WHAT NEEDS TO BE DONE =
Pull out the lines from the one containing "在一个多小时的演讲中里,每一" through the final line of the listing below and repeat them exactly. Leave the pictures behind.

-------- INPUT RECORDS

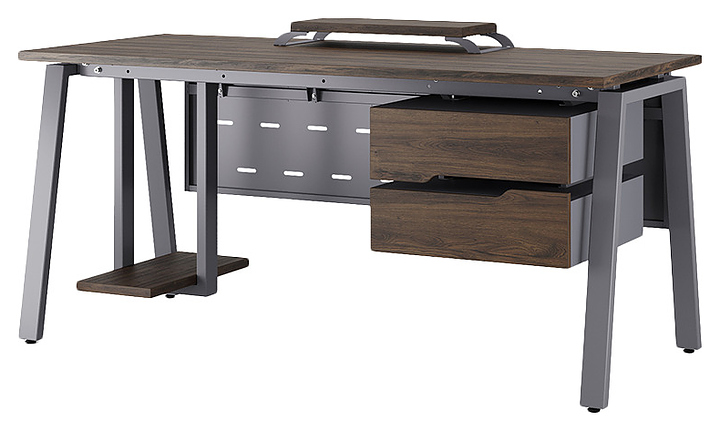 Компьютерный стол Кобор КA-140/60 graphite/charlston используется в офисных помещениях и кабинетах руководителей. Модель оснащена A-образными опорами. Каркас выполнен из металла, выкрашенного в цвет графит муар (RAL7024), столешница – из ламинированной древесно-стружечной плиты (ЛДСП) цвета дуб чарльстон (H3154 ST36). Опции (заказываются отдельно):
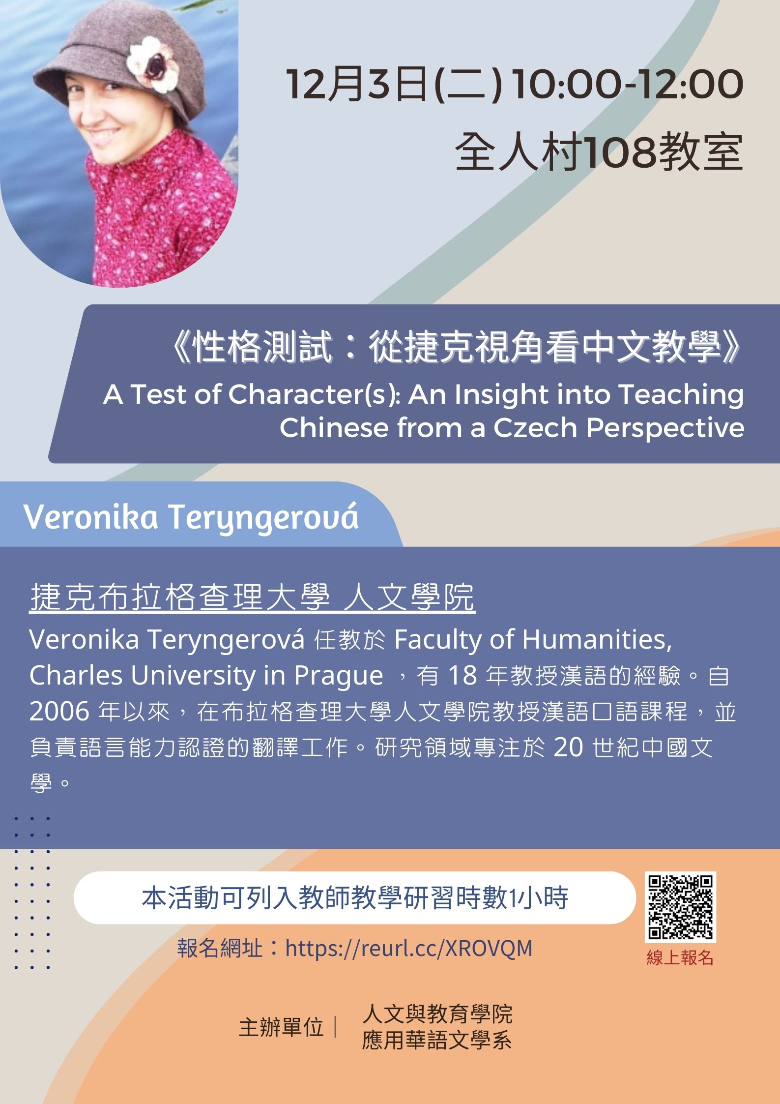 Veronika Teryngerová teaches at the Faculty of Humanities, Charles University in Prague, with 18 years of experience in teaching Chinese. Since 2006, she has been teaching spoken Chinese courses at the Faculty of Humanities and has been responsible for translation work related to language proficiency certification. Her research focuses on 20th-century Chinese literature.
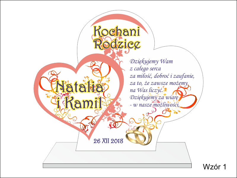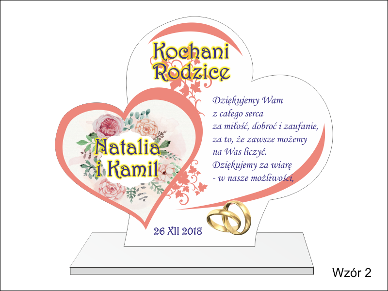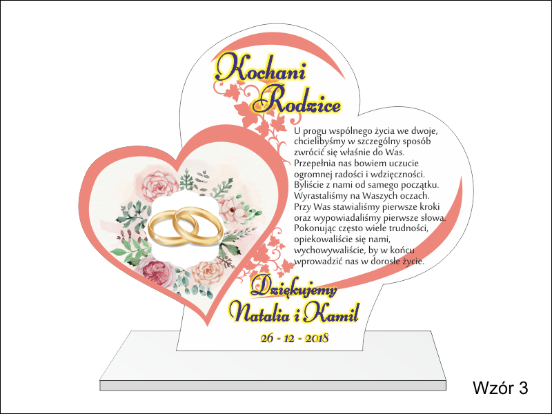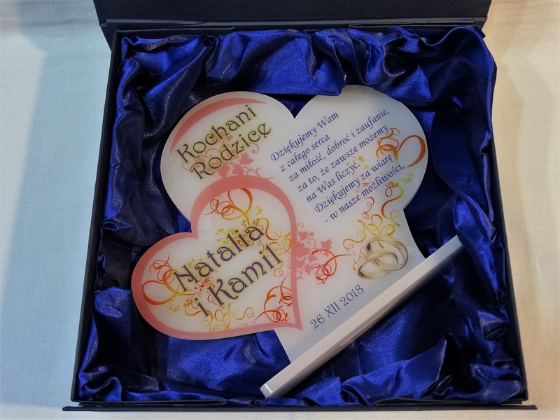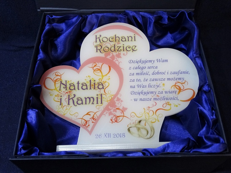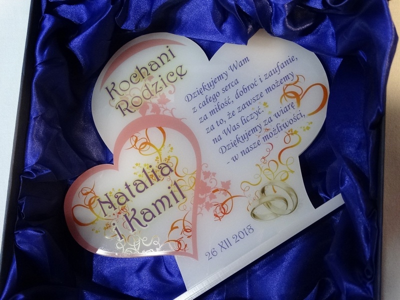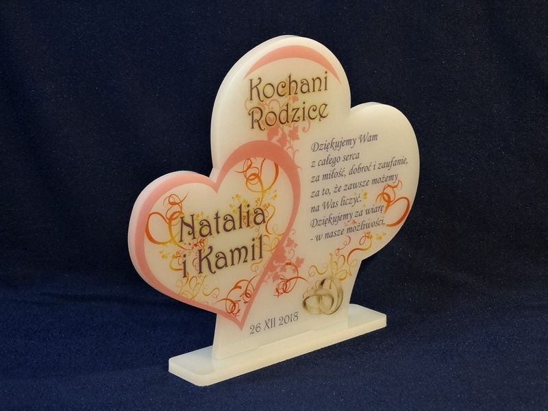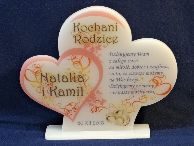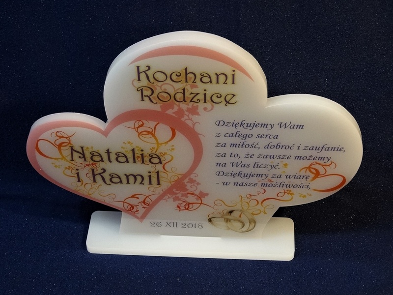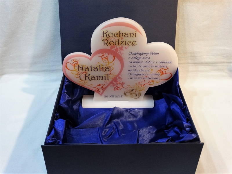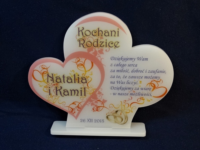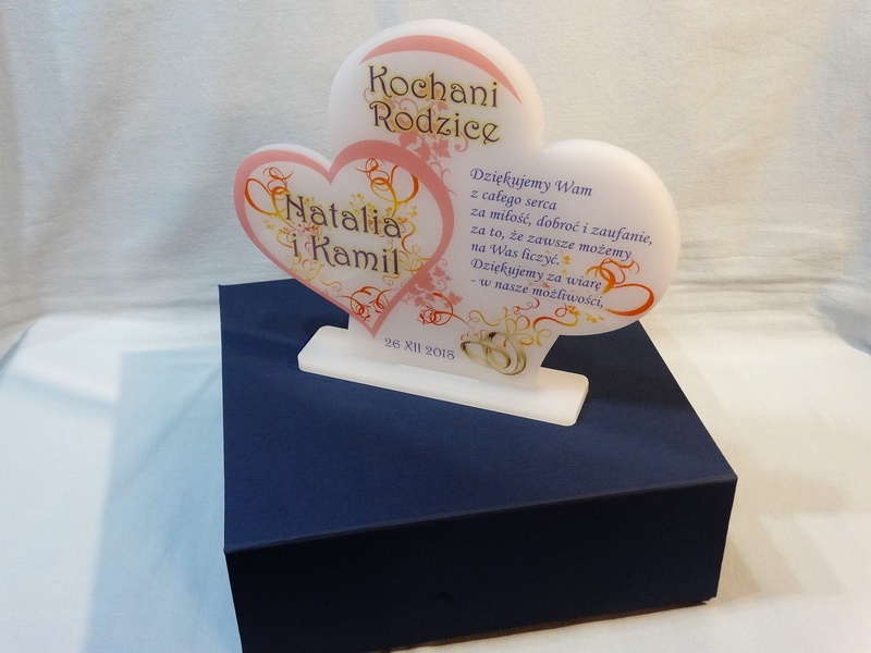 Statuetka z pleksi z nadrukiem dedykacji, ozdobnych grafik i zdjęć jako Podziękowanie dla Rodziców od Młodych w dniu ślubu.
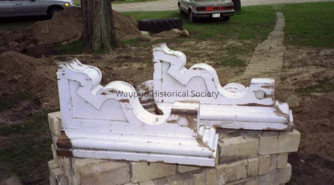 Photo Collection of the Ferguson Home: This photo shows the de-construction of the Ferguson home, Town of Chester, Dodge County, Wisconsin (on County MM just south of Waupun). The wooden portion of the home was built by David Ferguson, between April and winter of 1850, while the brick addition was added to the south end of the original home in 1860.
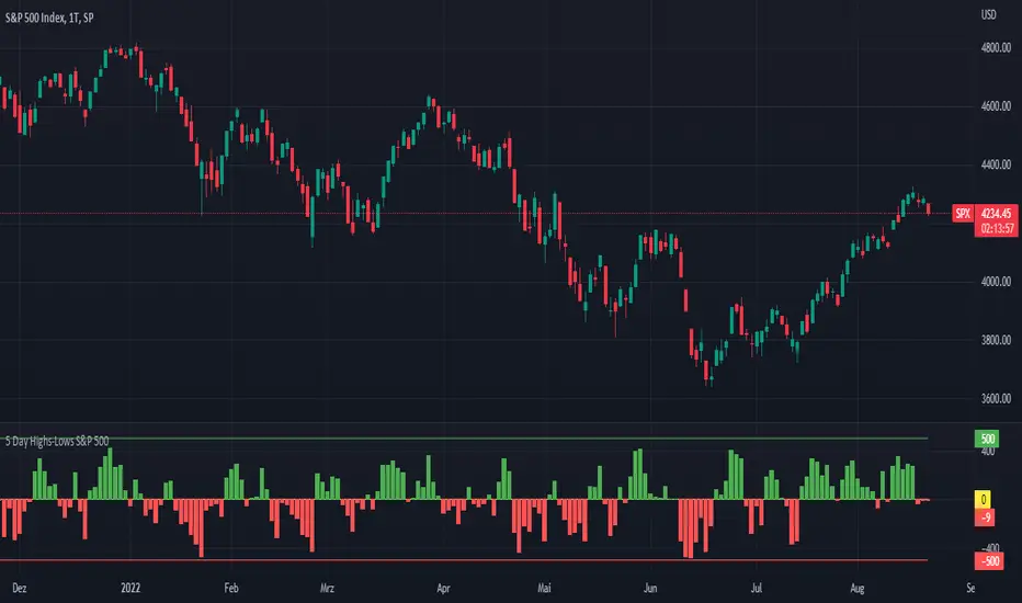 The script uses the M5HP and the M5LP index and subtracts the second from the first. So you can see how many stocks in the S&P 500 make new highs or new lows on a 5 days basis and see the trend of the market.
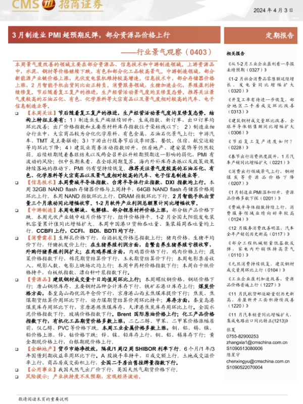 【海通证券】【20240403】行业景气观察(0403):3月制造业PMI超预期反弹,部分资源品价格上行-32页
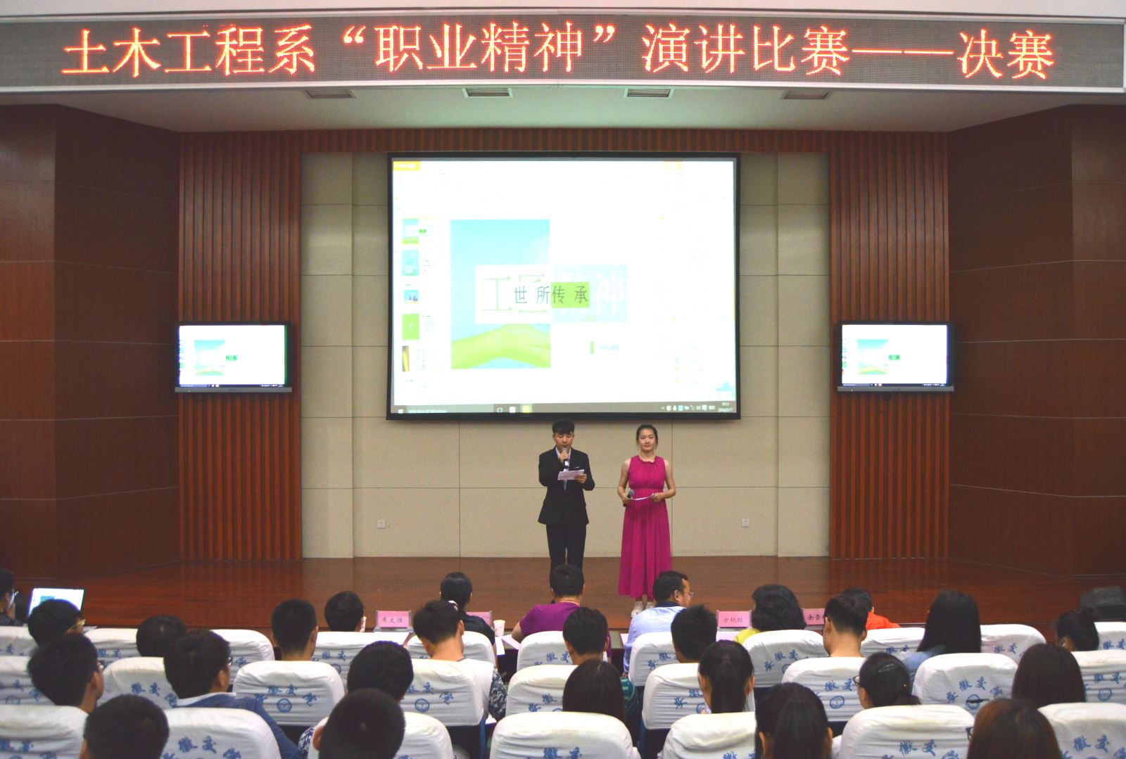 在一个多小时的演讲中里,每一位选手们从各方面积极展示了他们心中关于职业精神的诠释;细细地讲述了他们眼中的土木精神和工匠精神。列举了大量正反事例阐述了职业精神的重要性,表示要以敬业奉献的典范为榜样,以博大精深的土木文化和勤奋通达敬业乐群的校训为引导,争做土木工程的铺路石和开拓者,使自己成为一个坚定,踏实,精益求精的土木工匠。
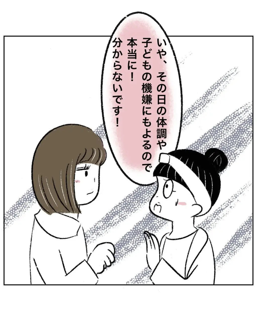 ゆかちゃんママの勢いに圧倒されながらも「いや、その日の体調や子どもの機嫌にもよるので本当に!分からないです!」とちょっと強めにはっきりと「分からない」と答えました。

----------------

REPLY =
 在一个多小时的演讲中里,每一位选手们从各方面积极展示了他们心中关于职业精神的诠释;细细地讲述了他们眼中的土木精神和工匠精神。列举了大量正反事例阐述了职业精神的重要性,表示要以敬业奉献的典范为榜样,以博大精深的土木文化和勤奋通达敬业乐群的校训为引导,争做土木工程的铺路石和开拓者,使自己成为一个坚定,踏实,精益求精的土木工匠。
 ゆかちゃんママの勢いに圧倒されながらも「いや、その日の体調や子どもの機嫌にもよるので本当に!分からないです!」とちょっと強めにはっきりと「分からない」と答えました。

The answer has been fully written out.